Никуда он не пойдет, а Милка, когда он выйдет покурить, шепнет, что со всего маху двинул кулаком об стену, когда услышал, что она с ним расстается.
15
Как это у вас было, с рисованием, это происходило прямо на фронте, с вами был какой-то блокнот, куда вы, хватая карандаш, наспех зарисовывали все эти оторванные руки-ноги-головы, которые послужат основой для будущих, не стану славословить, каких картин, или в вашу память, в ваш состав настолько все врезалось, до дна и навек, что после нужно было лишь сосредоточиться, чтобы начало кровить, и тогда только холст подставляй под краску-кровянку?
Так или примерно так, быть может, слишком прямолинейно, спрашивала я его, но не с ходу, не с улицы, не с мороза, отчего, я думаю, он, при его характере, мог запросто указать на дверь, а когда уже оба были разогреты предыдущим, как суп на конфорке, и уже закипали, и, пузырясь, теряли представление о нормальном градусе, при каком подобное неуместно и даже неприлично. Прилично и уместно, потому что за всем нашим трепом стояла душевная работа на одной волне, ей-богу, она отменяла повседневность, приводя к пикам общения. По его воле, разумеется. Его волей я впадала в транс, отчего все, оставшееся за рамками транса, виделось блеклым и жухлым. Он — черный, желтый, голубой, меняясь в окрасе, в химии, в физике, что я пропускала, вовлеченная в кислородный, или флогистонный, обмен на том уровне, где внешнее не катит, как говорят нынче, а катит внутреннее, обусловленное вышним, — он вдруг заливался редким для него, искажавшим лицо смехом, закатывая глаза, закашлявшись и неожиданно затихая на полувдохе-полувыдохе, как бы прекращая все жизненные процессы для точечной смерти. Сознательной или бессознательной, припадок то был или владение некими техниками, я не знала. Я обмирала. Он быстро открывал глаза, казалось, для того, чтобы успеть подсмотреть мою реакцию, и говорил спокойно, чуть ли не презрительно, но все же, скорее, терпеливо, как старший, повидавший виды, не знавшей их младшей.
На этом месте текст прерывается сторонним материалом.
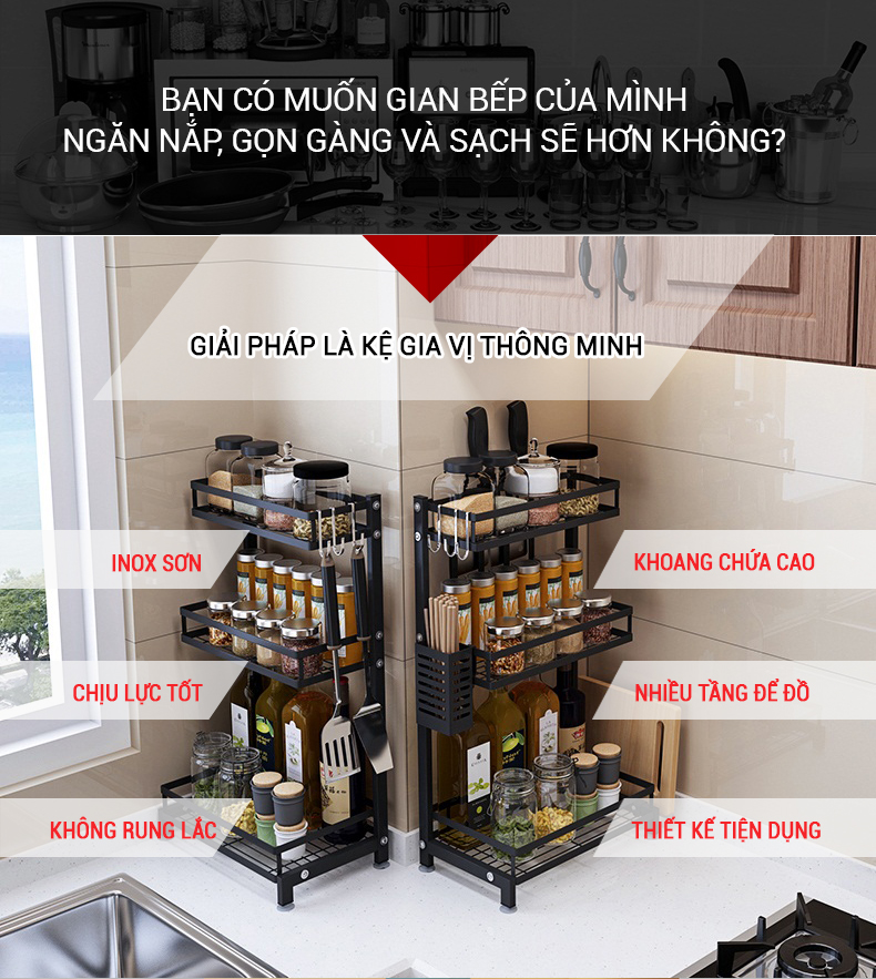 Dưới đây là 1 số các lợi ích chính mà kệ gia vị 2-3 tầng Kalpen đem lại cho quý khách hàng khi sử dụng: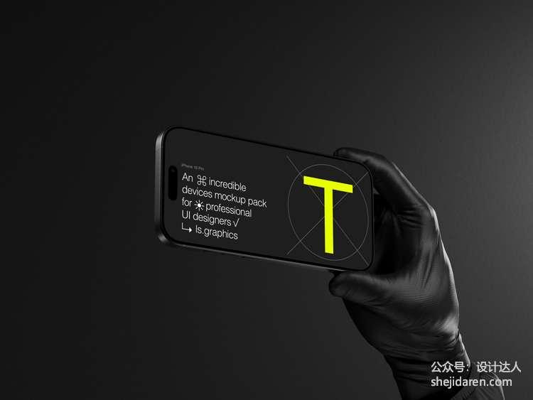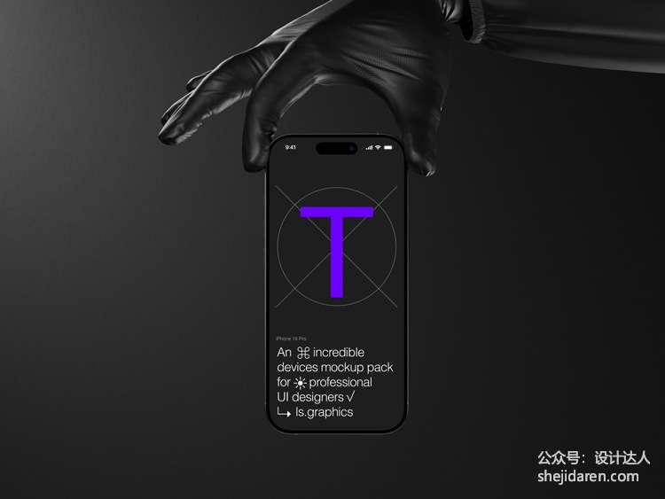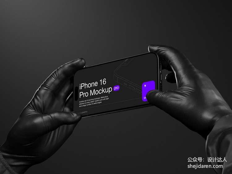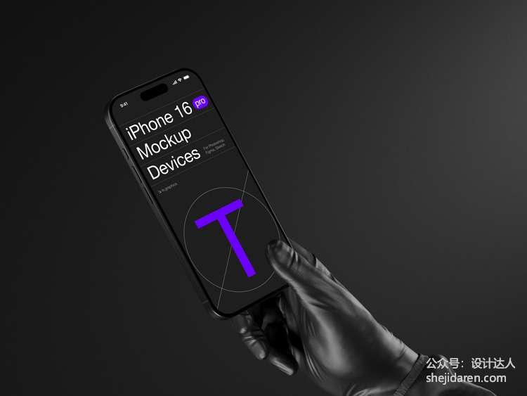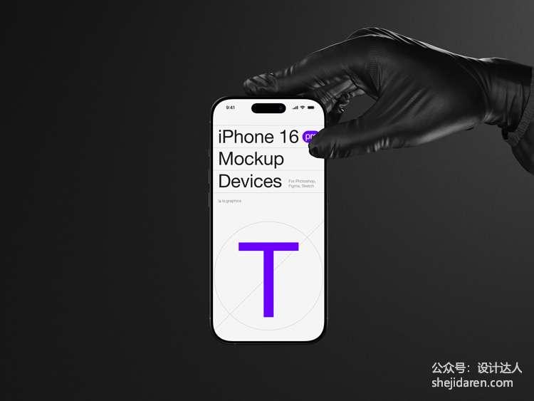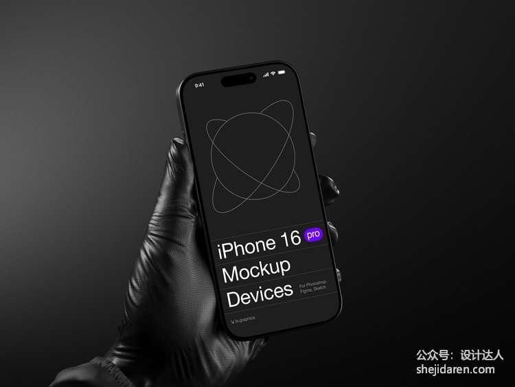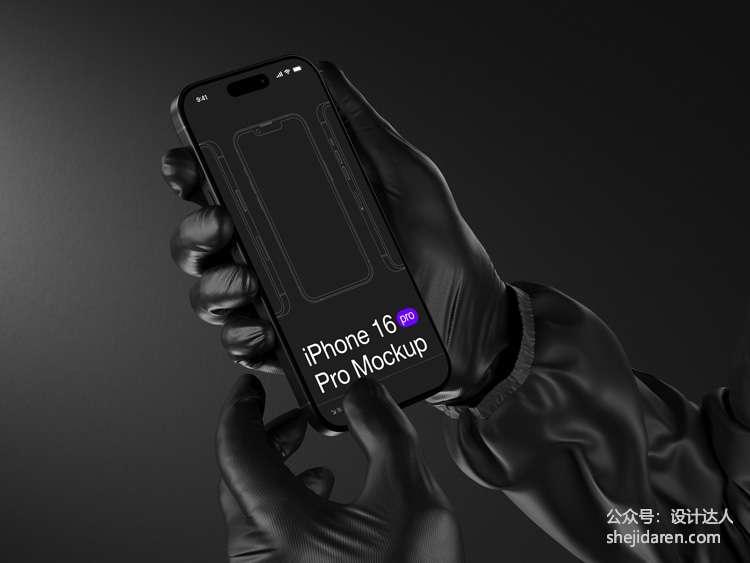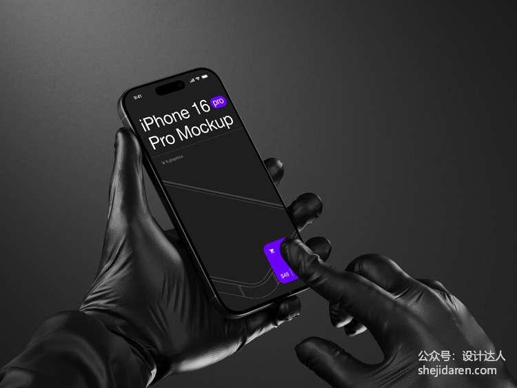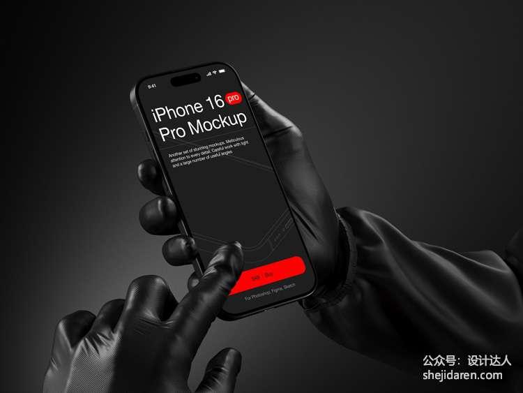 高级极简暗色UI风格,手持 iPhone 16 Pro 样机素材(PSD,Sketch,Figma)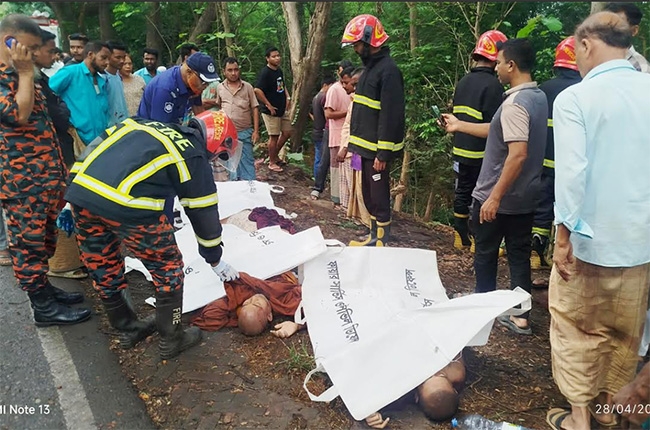 প্রত্যক্ষদর্শীরা জানান, সকালে টানা বৃষ্টিপাতে মহাসড়ক পিচ্ছিল হয়ে পড়লে চট্টগ্রামমুখী মাইক্রোবাসটি নিয়ন্ত্রণ হারিয়ে সড়কের পাশের গাছে ধাক্কা খেয়ে খাদে পড়ে যায়। এতে ঘটনাস্থলেই চালকসহ তিনজন নিহত হন। আহতদের উদ্ধার করে স্থানীয় হাসপাতালে পাঠানো হয়েছে।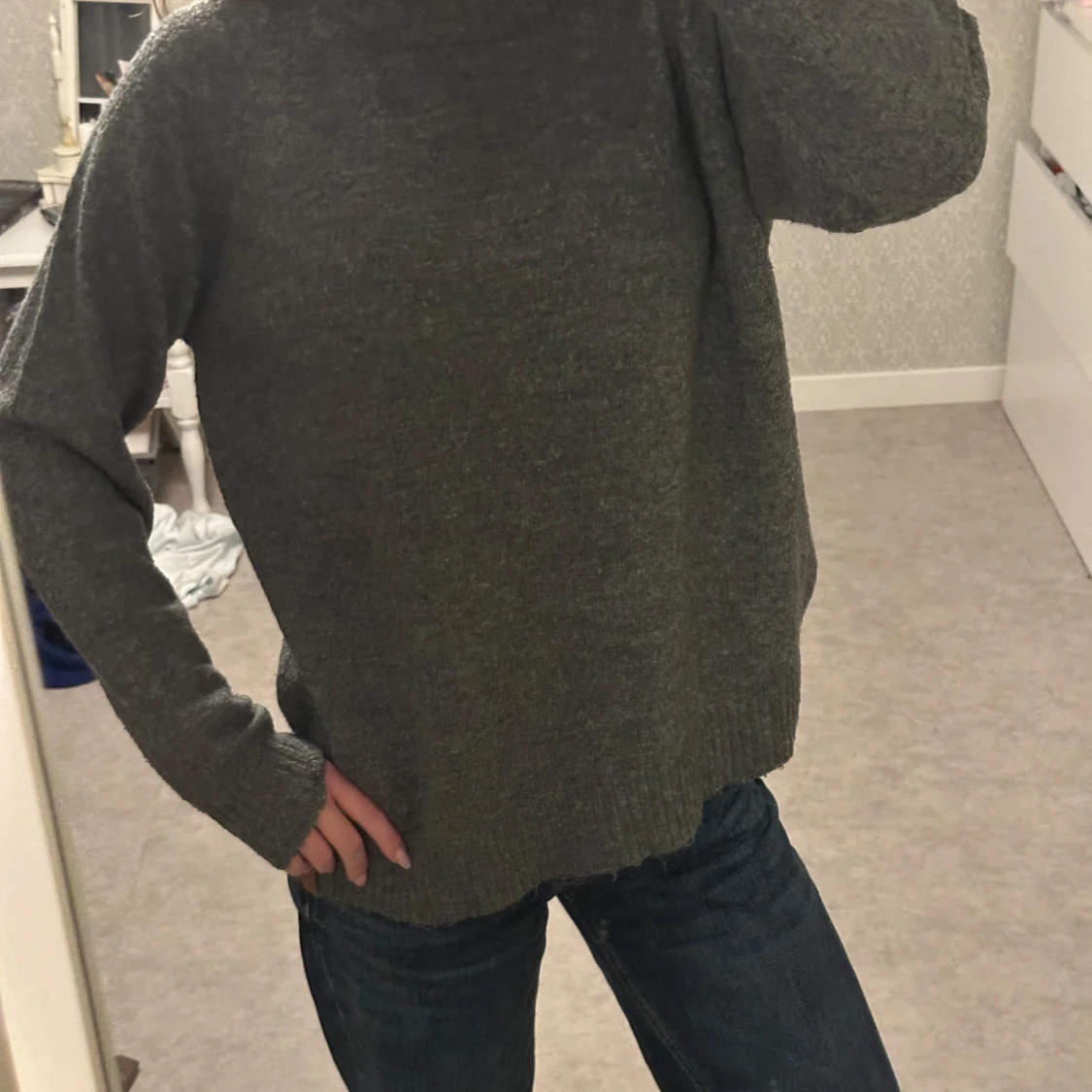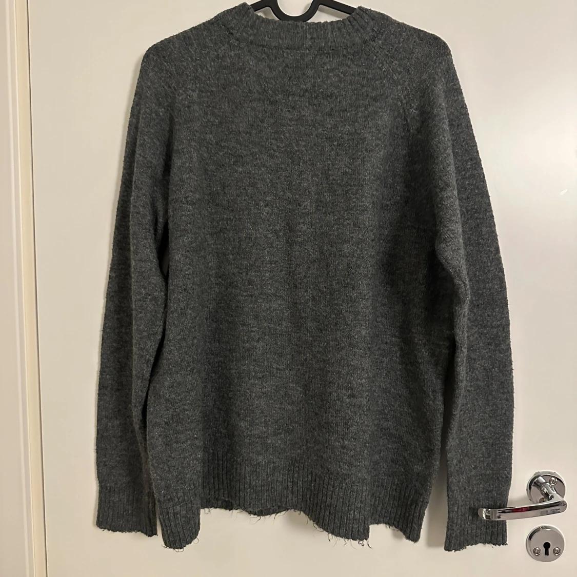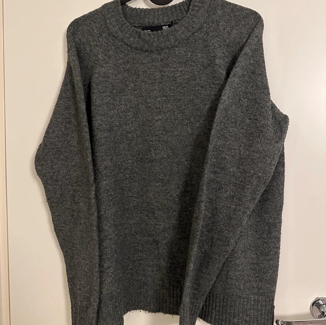 Mysig mörkgrå stickad tröja från lager 157 med rund halsringning och ribbade muddar. Perfekt till hösten🍂🤍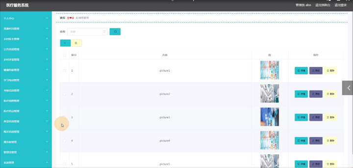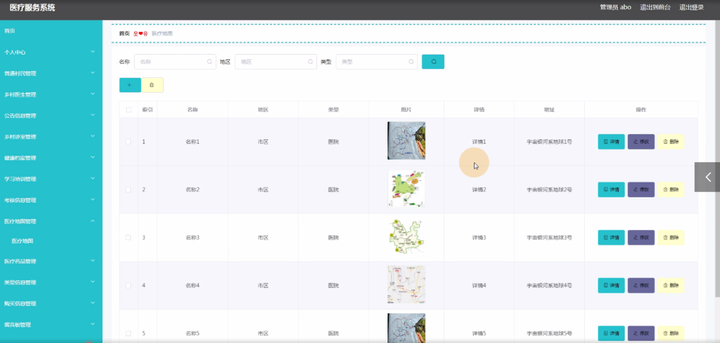 医疗地图管理,在医疗地图管理页面可以查看名称、地区、类型、图片、详情、地址等内容,并可根据需要对医疗地图管理进行添加,修改,删除或详细内容等操作,如图5-9所示。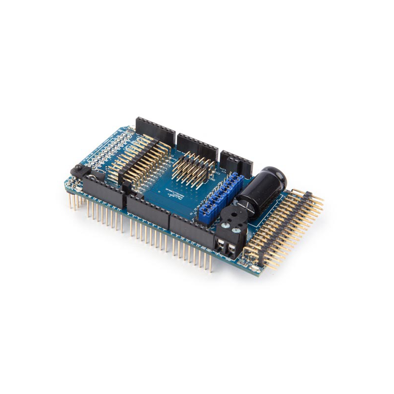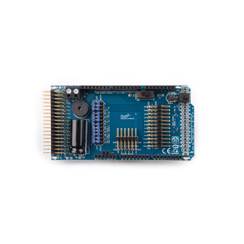 This SERVO SHIELD allows you to connect 12 9G SERVO motors when the shield is plugged into an Arduino® UNO or 36 9G SERVO motors when plugged into an Arduino MEGA. Aside from 9G SERVO motors you can connect sensors or other actuators as well. The SERVO SHIELD can also receive an IR signal from the ALLBOT IR MODULE and has a beeper that you can program to make all kind of noises. There are also 4 blue LEDs on each corner of the board that indicate when the board is powered. Do you have access to a 3D Printer? Then here's a cool project idea! Did you know that all the ALLBOT's plastic parts designs are available on Velleman Projects' Thingiverse account? This way, you can print your own parts and complete your ALLBOT with this SERVO - and BATTERY SHIELD! Features 36 in/outputs Arduino® Mega and Uno compatible IR receiver program or receive switch 6 analog ports (A0-A5) external power connector sounder 4 blue power indicating LEDs compatible with the ALLBOT BATTERY SHIELD and ALLBOT LI-ION BATTERY PACK spare part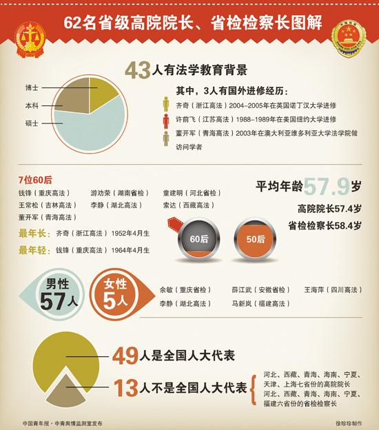 62名省级两高“掌门人”中,在就任现任职务前,有33人有检察院或法院工作经历。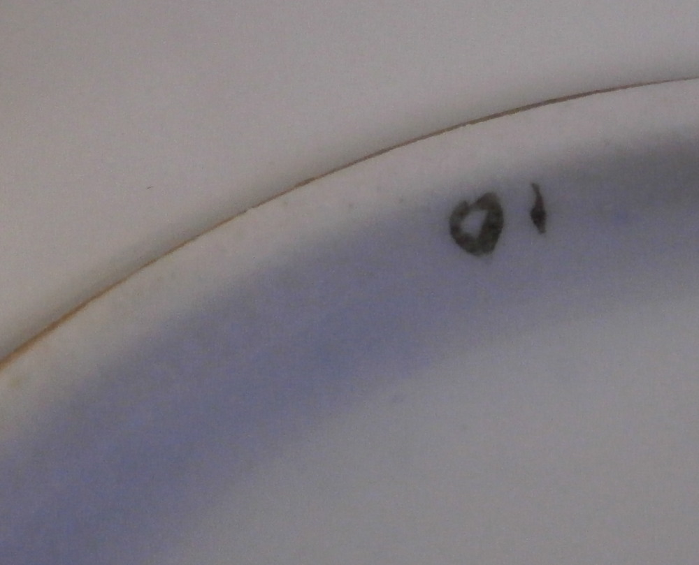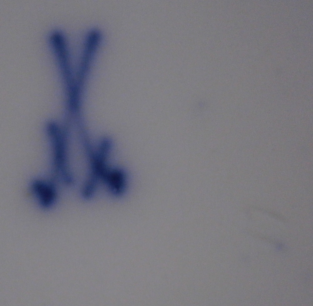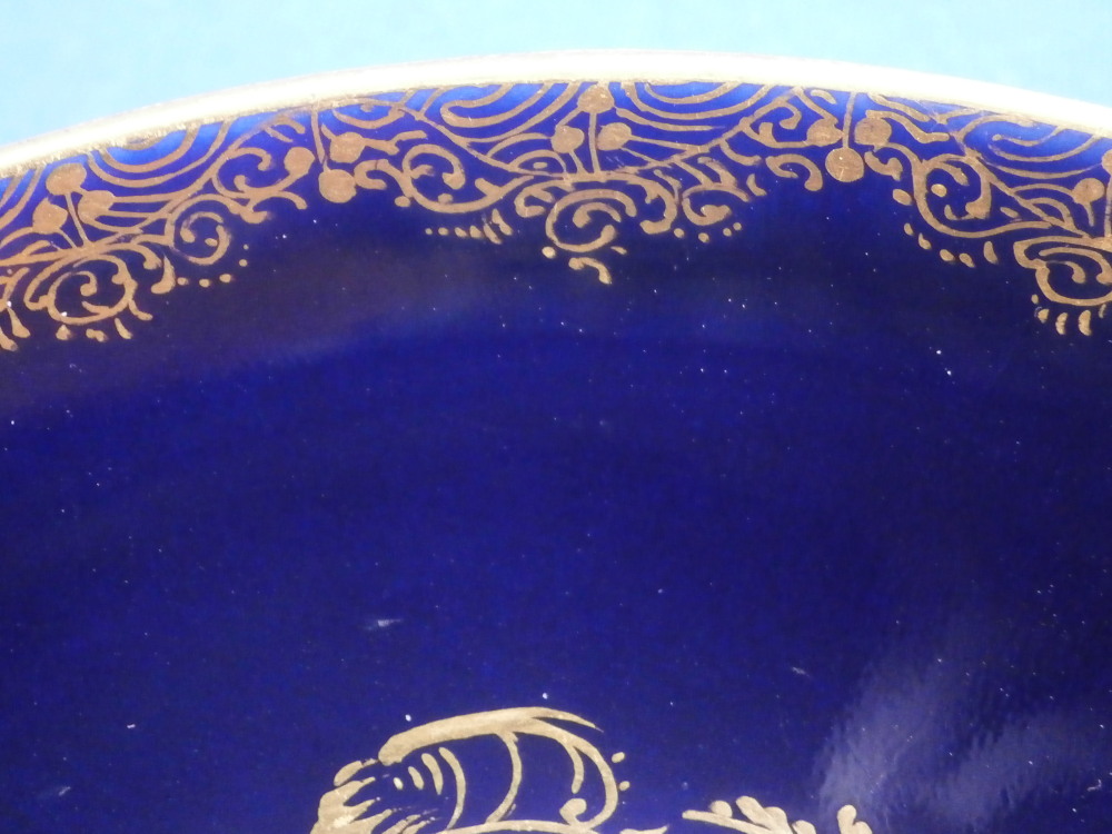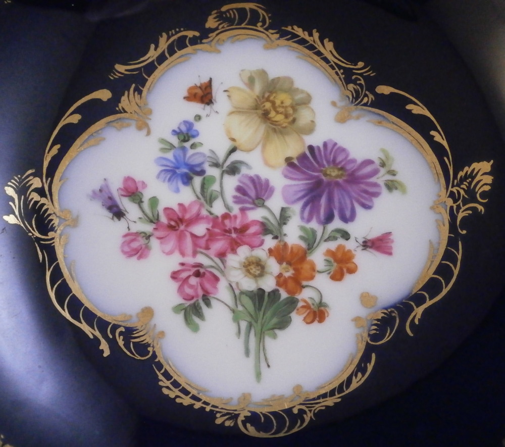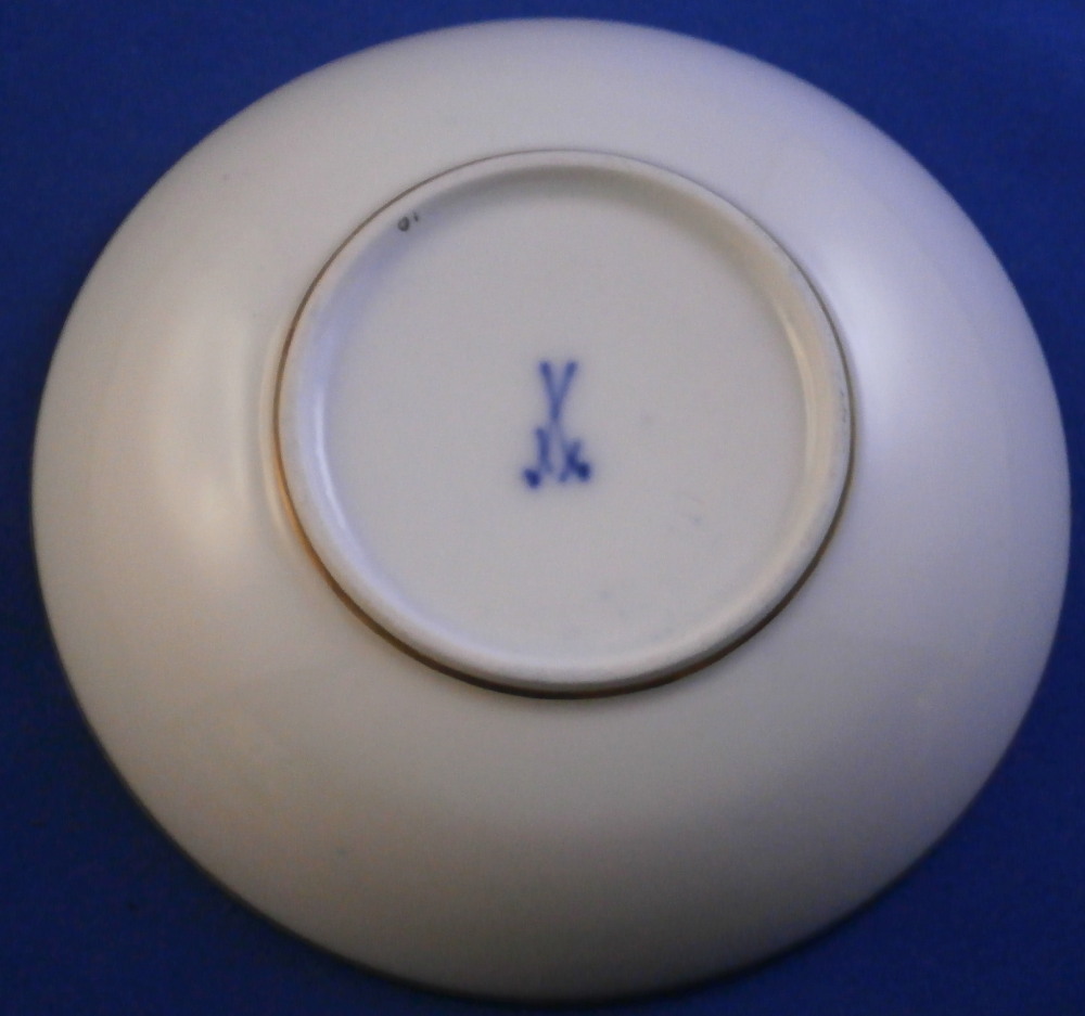 This is a really nice demitasse saucer made by Meissen in the late 19th or early 20th century . The piece is hand painted with a panel of a floral arrangement on white ground in the center surrounded by some fancy gold trim with the rest of the piece having a deep cobalt blue ground color and some more fancy gold trim to the rim and a gold line to the outside of the foot ring underneath. That blue and gold combination has to be among the very best in the porcelain world! Looks amazing. The saucer is in perfect condition which is always nice and is marked with the under glaze blue crossed swords mark underneath as well as the usual impressed number and a black painter's mark 10 as shown. The saucer is 0.875 inches tall with a diameter of 4.375 inches. Please email me for more information or other pictures.

Вы маленькая идиотка, говорил он, какие блокноты, какие карандаши среди встопорщившегося огня, взбаламученной земли, разверзшегося купола небес, непролазной грязи, непроходимых лесов, ледяных рек, а страшнее всего, открытой на километры местности, когда ни куста, ни деревца, и танки прут прямо на тебя, и ты, обмочившийся-обделавшийся, драпаешь так, что жилы сейчас лопнут, мошонка вывалится и отвалится нахрен, а про оторванные руки-ноги-головы как раз вашим интеллигентским ротиком-куриной попочкой только и произносить, скажите спасибо, сударыня, что офицерская честь не разрешает материться перед женщинами. Война началась летом, и лето, осень, зиму и другую зиму я, слышите, вы, дурочка, провел в пехотной роте, в геройских усилиях выжить, выполняя распоряжения начсостава, не сдохнув от унизительного животного страха, потому что сам, сам, добровольно убежал на фронт навстречу всему этому добру, едва окончив восьмилетку. В то воскресенье, когда по радио передавали речь Молотова, прошел сильный дождь, теплый, веселый, с пузырями, как большинство тогдашних летних дождей, он скоро сменился ясным солнышком, одуряюще запахло черемухой, банально, но быть банальным часто значит быть правдивым, запомните, и я сразу помчался в райвоенкомат, там распоряжался хмурый майор, к нему стояла очередь из разновозрастных мужчин, и среди них несколько молодых женщин, я нервничал, и чтобы не показать, приставал к одной из них как взрослый, хотя в школе так и не заговорил с девочкой из девятого класса, которая мне нравилась, майор за столом поглядывал с неодобрением и вдруг выдернул из очереди вопросом, сколько мне лет, я, не запнувшись, отрапортовал: восемнадцать, а он велел показать паспорт, а я говорю, что спешил и забыл дома, уже поняв, что свалял дурака и ни на какой фронт по правилам меня не возьмут, так что надо добираться без правил. Молодую женщину, с которой я ни к селу, ни к городу затеял флирт, на секунду очередью прижало ко мне, она провела ладонью по моему подбородку и шепнула именно это: пробирайся сам, война будет долгая, может, где сведет. Меня поразили ее слова. Кругом все говорили, что война будет малая, короткая, мы победим и поставим врага на колени в считаные сроки. Говорить другое было элементарно опасно. А она не побоялась. Почему-то я думал о ней всю войну и почему-то думал, что погибла. Может, и погибла. Дома перебрал вещмешок и выкинул как раз блокноты, и двинул к линии фронта, о которой узнал в той же стоячке в райвоенкомате.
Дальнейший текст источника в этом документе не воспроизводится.